Оркестр заиграл встречный марш. Радостно забилось мое сердце и гордостью наполнилась душа при виде этой полковой святыни, завернутой в чехол защитного цвета и украшенной наверху Георгиевским крестом, символом былой славы и доблести нашего старого полка. Вскоре под звуки музыки полк потянулся по пыльной дороге вдоль деревни, провожаемый любопытными взглядами и пожеланиями жителей, высыпавших из своих хат. Ребятишки пестрой гурьбой бежали за оркестром, мужики и парни с достоинством поглядывали на проходивших солдат, и только бабы, подперев подбородок рукою, с грустью и со слезами на глазах смотрели на эти серые, однообразные ряды людей. Их материнские сердца обливались кровью при мысли, что вот и их сыновей возьмут в солдаты, а может быть, уже и взяли, и они будут также идти неведомо куда и вернутся ли назад… Но слезы баб вызывали у солдат только смех и веселые шуточки.

– Ну чего, родимая, плачешь? Аль глаза на мокром месте?! – кто-то задорно крикнул из нашей роты.

Послышался легкий смешок.

– Да что ж ей окромя и делать-то, как не плакать, в аккурат дело бабье! – отозвался другой.

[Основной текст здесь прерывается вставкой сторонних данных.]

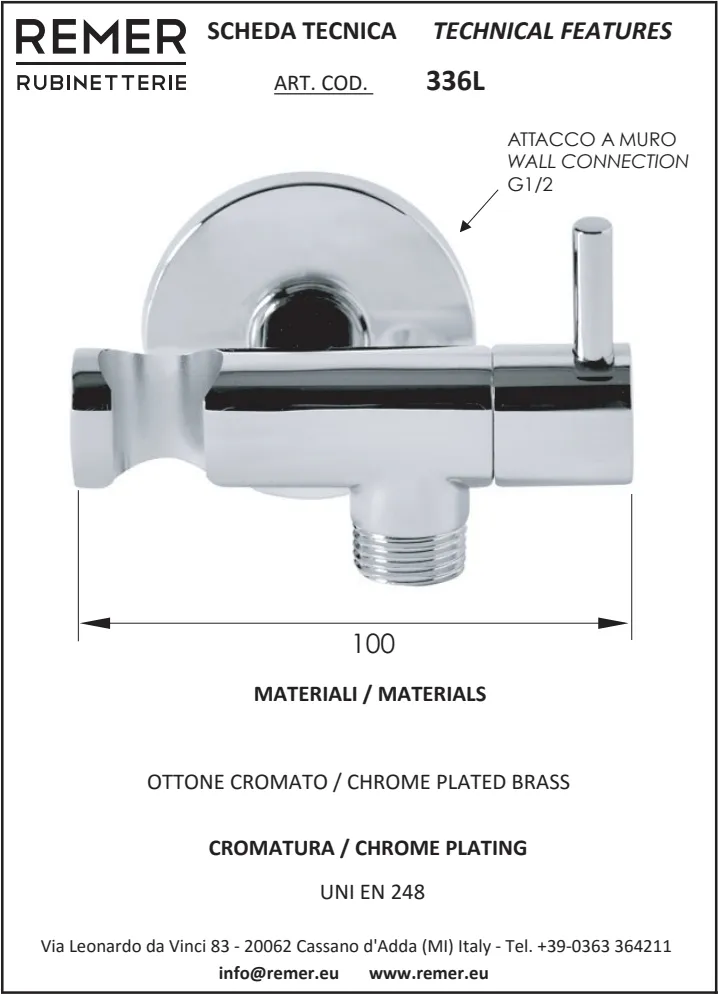 Держатель-кран Remer с подключением шланга хр.латунь 336L
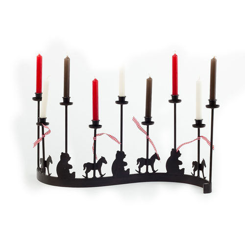 Suport de lumanari - Suport de lumanari realizat din fier, cu decoratiuni elegante cu ursuleti si caluti. Forma curbata a suportului ofera originalitate designului. Pret: 130 lei.wikifab
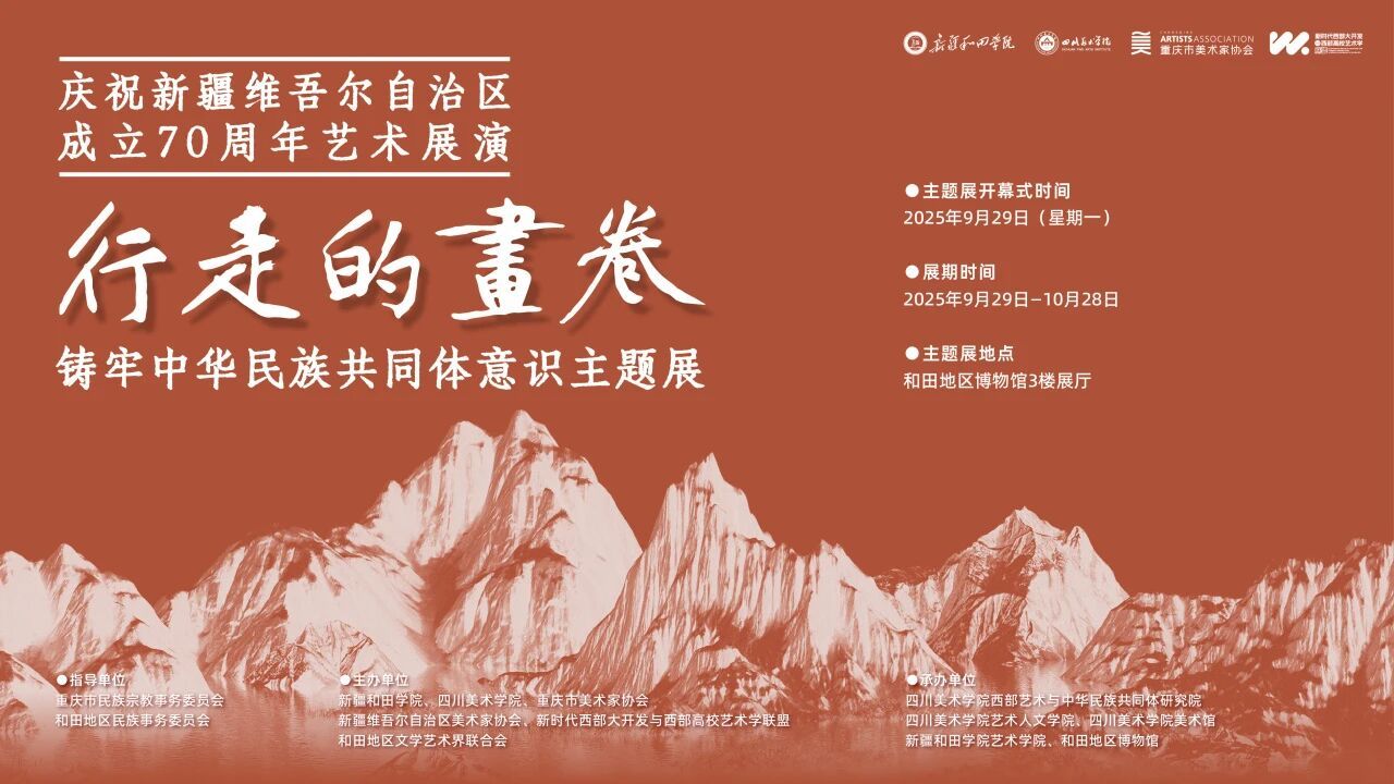9月29日,庆祝新疆维吾尔自治区成立70周年艺术展演暨“行走的画卷:铸牢中华民族共同体意识”主题展在新疆维吾尔自治区和田博物馆开幕。2025年,恰逢新疆维吾尔自治区成立70周年,七十年栉风沐雨,天山南北谱写壮丽史诗。在这具有里程碑意义的时刻,庆祝新疆维吾尔自治区成立70周年艺术展演暨“行走的画卷:铸牢中华民族共同体意识主题展”,在和田这片热土奏响新时代民族团结、美美与共的铿锵乐章。

Утро было прекрасное. Солнце только что вставало, купая в своих золотых лучах влажные от росы поля, на которых желтела уже созревшая рожь? Я шел с большим удовольствием. После тяжелого училищного мешка, скатки и винтовки идти теперь при одной только шашке было легко и свободно. В тот же день я промок до ниточки, так как оставил свой дождевой плащ у Франца. Но это обстоятельство нисколько меня не смутило. «Ничего, – утешал я самого себя, бодро шагая под проливным дождем, – лишний раз выкупался; на то и война: тут и помокнешь, и поголодаешь… Все надо испытать».

Поход был очень трудный. Иногда в день делали 30–35 верст. К концу дня солдаты обыкновенно еле волочили ноги, и немудрено, ведь им приходилось тащить на себе амуницию и снаряжение, которые, вероятно, весили пуда два, если не больше. Однажды переход выдался особенно тяжелый. Выступили в пять часов утра, шли целый день. Уже начало смеркаться, а оставалось пройти несколько верст. Полк остановился на короткий привал. Я в изнеможении опустился на землю. Я чувствовал страшную усталость и, кажется, полжизни отдал бы за то только, чтобы отдохнуть и не идти дальше. Во всем моем теле разлилась сладкая истома. Но едва я полузакрыл глаза, как послышались голоса:

– Пошли! Вперед!

Я тотчас же вскочил на ноги, стряхнул с себя минутную слабость и принялся подбадривать и подгонять солдат. Измученные, потные, нагруженные как вьючные животные, люди с трудом поднимались с земли и, шатаясь, плелись вперед.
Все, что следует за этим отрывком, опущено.